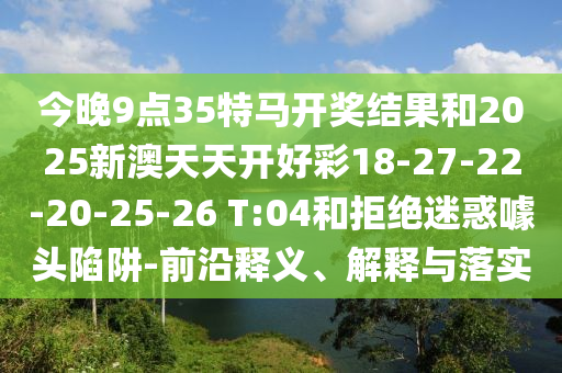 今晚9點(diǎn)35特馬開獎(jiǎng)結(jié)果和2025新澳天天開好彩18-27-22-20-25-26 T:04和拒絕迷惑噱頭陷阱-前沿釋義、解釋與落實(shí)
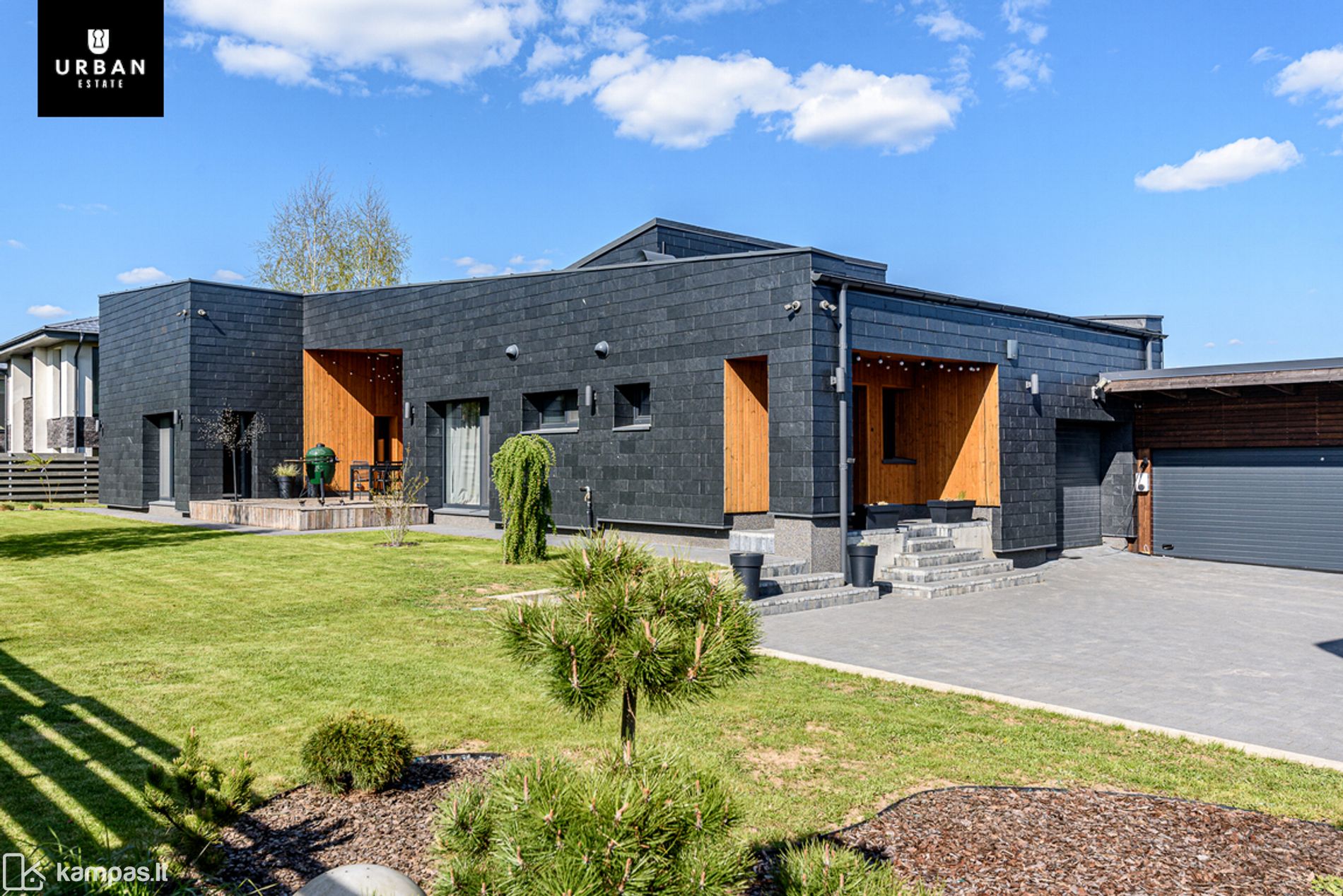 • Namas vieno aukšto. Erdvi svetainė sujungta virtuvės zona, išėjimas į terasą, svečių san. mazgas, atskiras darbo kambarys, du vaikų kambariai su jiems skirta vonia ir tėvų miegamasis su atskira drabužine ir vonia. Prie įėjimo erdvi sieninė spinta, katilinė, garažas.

==

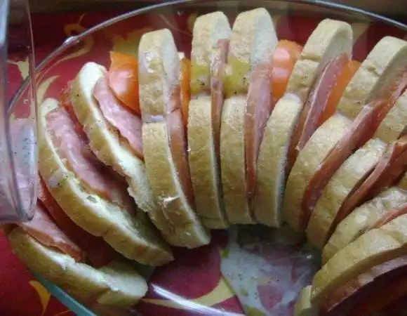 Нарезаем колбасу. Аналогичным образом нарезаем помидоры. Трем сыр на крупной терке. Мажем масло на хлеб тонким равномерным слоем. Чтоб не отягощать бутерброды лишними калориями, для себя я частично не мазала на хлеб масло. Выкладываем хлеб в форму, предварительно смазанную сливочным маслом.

▶ Work to complete
Everything between and including the line above containing "今晚9點(diǎn)35特馬" and the line containing "spinta, katilinė, garažas." should be reproduced exactly, with pictures excluded.

▶ Exercise response
 今晚9點(diǎn)35特馬開獎(jiǎng)結(jié)果和2025新澳天天開好彩18-27-22-20-25-26 T:04和拒絕迷惑噱頭陷阱-前沿釋義、解釋與落實(shí)
 • Namas vieno aukšto. Erdvi svetainė sujungta virtuvės zona, išėjimas į terasą, svečių san. mazgas, atskiras darbo kambarys, du vaikų kambariai su jiems skirta vonia ir tėvų miegamasis su atskira drabužine ir vonia. Prie įėjimo erdvi sieninė spinta, katilinė, garažas.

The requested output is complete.